* _EXERCISE_:
Find the line with "If you are tall" in the records below, then please transcribe it and every later line exactly, omitting the pictures and adding nothing.
::::
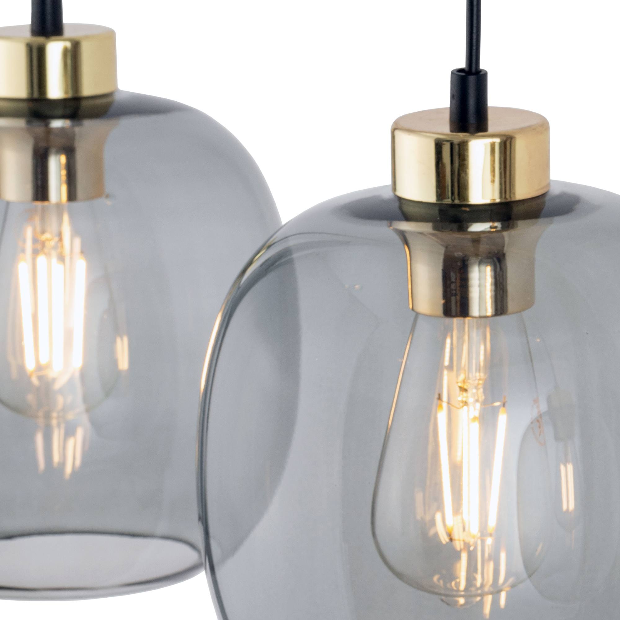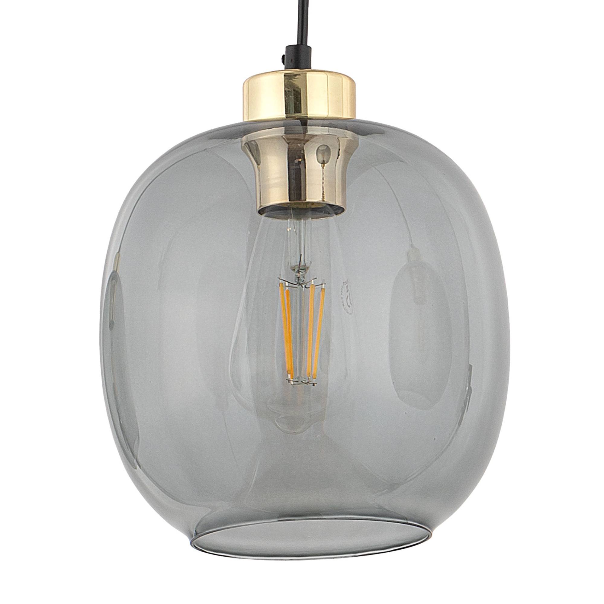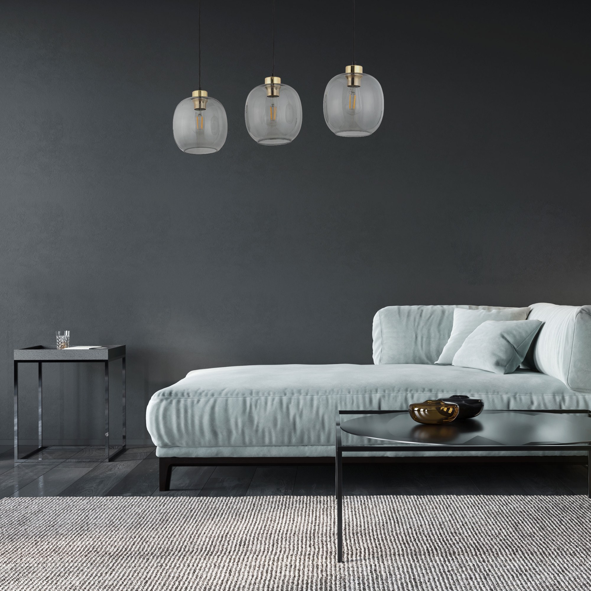 Má čiernu základňu so šírkou 84 cm, na ktorej sú zavesené 3 tienidlá so zlatým detailom. Sú vyrobené zo skla s použitím dymového efektu, ktorý im dodáva jedinečný retro nádych. Je ideálnym osvetlením nad konferenčný alebo jedálenský stôl. Odporúčame použiť žiarovky v retro dizajne, napríklad so špirálovou diódou, čím posuniete svietidlo na vyššiu úroveň.
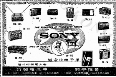 日本索尼公司在此前一年开发了第一台全晶体管袖珍收音机,体积非常小,这是一项全球性的商业成功,改变了“一家一台收音机”的局面,进入了“一人一台”的个人消费电子时代。
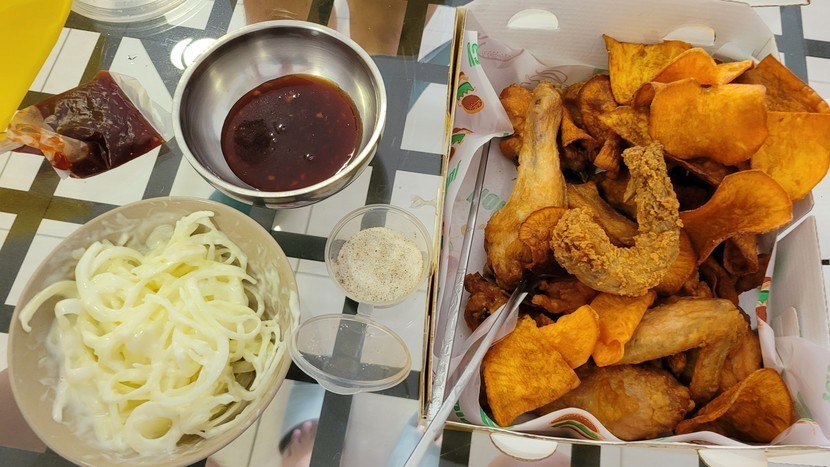 치킨에 양파샐러드
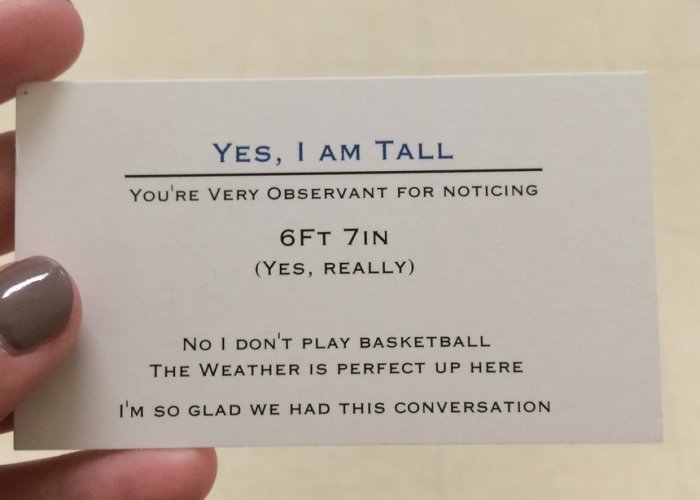 If you are tall and you’re always being bombarded with “how tall are you” type of questions, you can learn a lot from this 17-year-old! Logan, a 6′ 7″ (2,04 m) high-school senior from Holly Springs, bought 100 business cards for just 10$ that answer all these annoying questions right away.
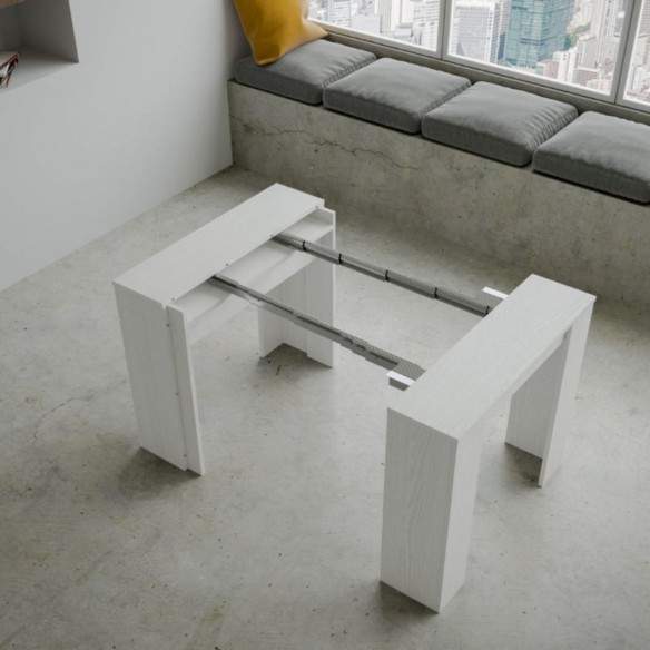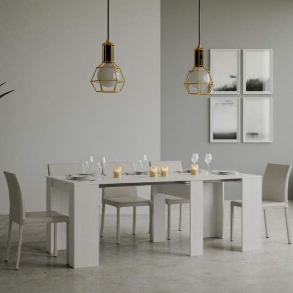 Compatta da chiusa (90 cm di larghezza, 48 cm di profondità, 77 cm di altezza), può estendersi fino a 308 cm, offrendo tutta la superficie necessaria per accogliere amici e familiari in occasione di cene o momenti conviviali.
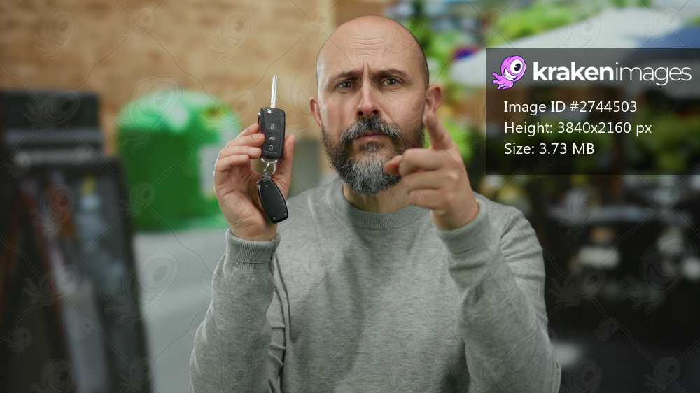 Bald man with beard holding car keys standing on urban terrace wearing gray sweater set against blurred outdoor restaurant backdrop.
::::
* _EXERCISE RESULT_:
 If you are tall and you’re always being bombarded with “how tall are you” type of questions, you can learn a lot from this 17-year-old! Logan, a 6′ 7″ (2,04 m) high-school senior from Holly Springs, bought 100 business cards for just 10$ that answer all these annoying questions right away.
 Compatta da chiusa (90 cm di larghezza, 48 cm di profondità, 77 cm di altezza), può estendersi fino a 308 cm, offrendo tutta la superficie necessaria per accogliere amici e familiari in occasione di cene o momenti conviviali.
 Bald man with beard holding car keys standing on urban terrace wearing gray sweater set against blurred outdoor restaurant backdrop.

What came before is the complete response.